On 28/12/13 17:10, Jakob Ovrum wrote:
> OK, so this has nothing to do with leap years, but that 5.days is an improper step.

Oh, I see -- you're assuming that iota has to be defined with start, end and step such that end = start + (n * step) for some integer n >= 0.

I can see the case for it, but to me it seems like a too restrictive requirement.

On Saturday, 28 December 2013 at 16:30:27 UTC, Joseph Rushton Wakeling wrote:
> I can see the case for it, but to me it seems like a too restrictive requirement.

Yes, I can totally see that. I'm not really invested either way, because while I see a need for bidirectionality with `iota(start, end)`, it seems less useful with `iota(start, end, step)`.

On Saturday, 28 December 2013 at 16:13:45 UTC, Jakob Ovrum wrote:
> Alright, so require division for bidirectionality when given a custom step. There's no reason division should be required for bidirectionality in the most common case of iota(start, end).

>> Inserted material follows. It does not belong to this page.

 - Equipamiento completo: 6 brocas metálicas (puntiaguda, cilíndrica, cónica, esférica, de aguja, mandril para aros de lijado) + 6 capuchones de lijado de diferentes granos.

Ok, now I finally get your point. It goes something along the lines of: "if no step is provided, then we can assume end can be reached by just stepping forward (incrementing by one)". It makes sense, but personally I don't like to make assumptions. I think assumptions in library code are one of the worst sources of nasty bugs in user code.

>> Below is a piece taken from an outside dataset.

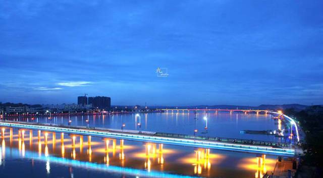 這是陵水夜幕下的陵水河和椰林大橋。椰林大橋很有世紀大橋的風范,在陵水這座小城,是很亮眼的夜景。

On Saturday, 28 December 2013 at 19:22:25 UTC, Francesco Cattoglio wrote:
> On Saturday, 28 December 2013 at 16:13:45 UTC, Jakob Ovrum wrote:
>> Alright, so require division for bidirectionality when given a custom step. There's no reason division should be required for bidirectionality in the most common case of iota(start, end).
>
> Ok, now I finally get your point. It goes something along the lines of: "if no step is provided, then we can assume end can be reached by just stepping forward (incrementing by one)". It makes sense, but personally I don't like to make assumptions. I think assumptions in library code are one of the worst sources of nasty bugs in user code.

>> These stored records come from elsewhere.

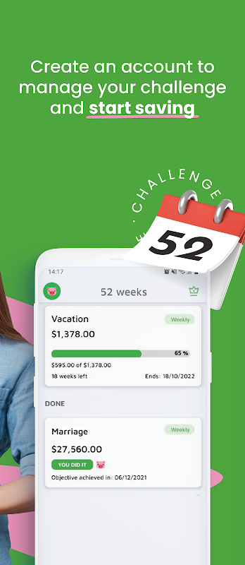 Deze app is gemaakt op basis van de populaire 52-weekse uitdaging om geld te besparen. Het idee van de uitdaging is heel eenvoudig en perfect voor diegenen die moeite hebben met plannen en vooral met geld besparen.
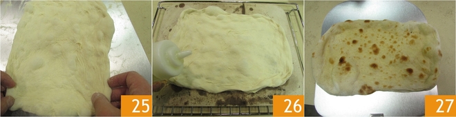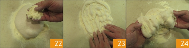 Une fois le temps de pousse des pâtons écoulé, prenez-en un et déposez-le sur un plan de travail généreusement saupoudré de semoule. Saupoudrez aussi la surface avec de la semoule 22. En partant du bord le plus proche de vous vers l'extérieur, appuyez légèrement avec les doigts pour aplatir la pâte. Vous devez presser en plaçant les doigts presque parallèles au plan de travail afin de répartir l'air uniformément 23. Donnez-lui une forme le plus possible rectangulaire/ovale. En soulevant délicatement la pâte, essayez d'enlever l'excès de semoule 24.
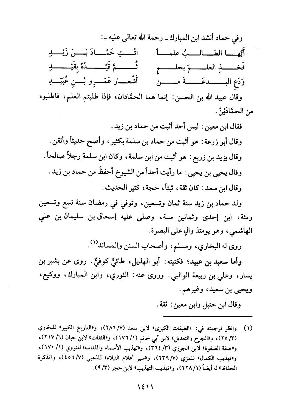 وفي حماد أنشد ابن المبارك -رحمة الله تعالى عليه-:
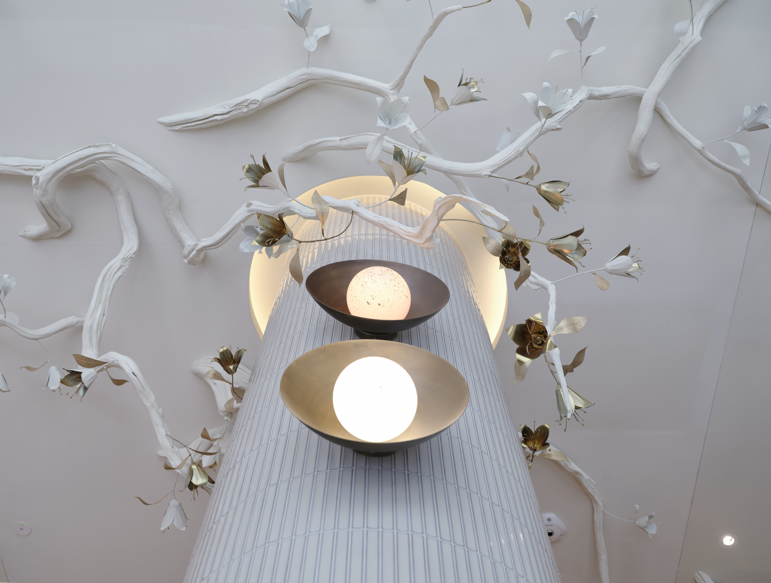Elevator lobbies within The BoTree Hotel finished in a Polished Plaster Spatulata.
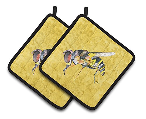 Caroline's Treasures Bee On Yellow Pair of Pot Holders 8851PTHD, 7.5HX7.5W, Multicolor

As long as `start < end` is true in the beginning, that's a perfectly reasonable assumption to make, especially if "end can be reached" means `start >= end` is true after some `n` number of increments.

If we can't make any assumptions about the chosen concept primitives then they're no good as primitives at all.

On 27 Dec 2013 20:33, "H. S. Teoh" <hsteoh@quickfur.ath.cx> wrote:
>
> On Wed, Dec 25, 2013 at 02:30:45PM +0000, Francesco Cattoglio wrote:
> > On Wednesday, 25 December 2013 at 10:58:53 UTC, bearophile wrote:
> [...]
> > >(A less important enhancement is issue 11252).
> > On the other hand, I have honestly no idea whatsoever about how to implement this
> [...]
>
> It should only be supported for numeric types (i.e., that support +, *, /). Here's a crude attempt at it:
>
>         struct Iota(S,T,U) {
>                 S start;
>                 T end;
>                 U step;
>
>                 ... // other stuff here
>
>                 bool opBinaryRight(string op)(V val)
>                         if (op=="in" &&
>                                 is(V.init < S.init) &&
>                                 is((V.init - S.init) % U.init) &&
>                                 is(T.init >= V.init))
>                 {
>                         if (val < start || val >= end)
>                                 return false;
>
>                         // Surprisingly, x%y actually appears to work
>                         // like fmod(x,y) in D for floating point types!
>                         // Not sure how to represent 0 in a generic way
>                         // though.
>                         return ((val - start) % step == 0);
>                 }
>         }
>

For GDC, 'appears to work like' gets turned into 'it calls' fmod(x, y) in
D.  :)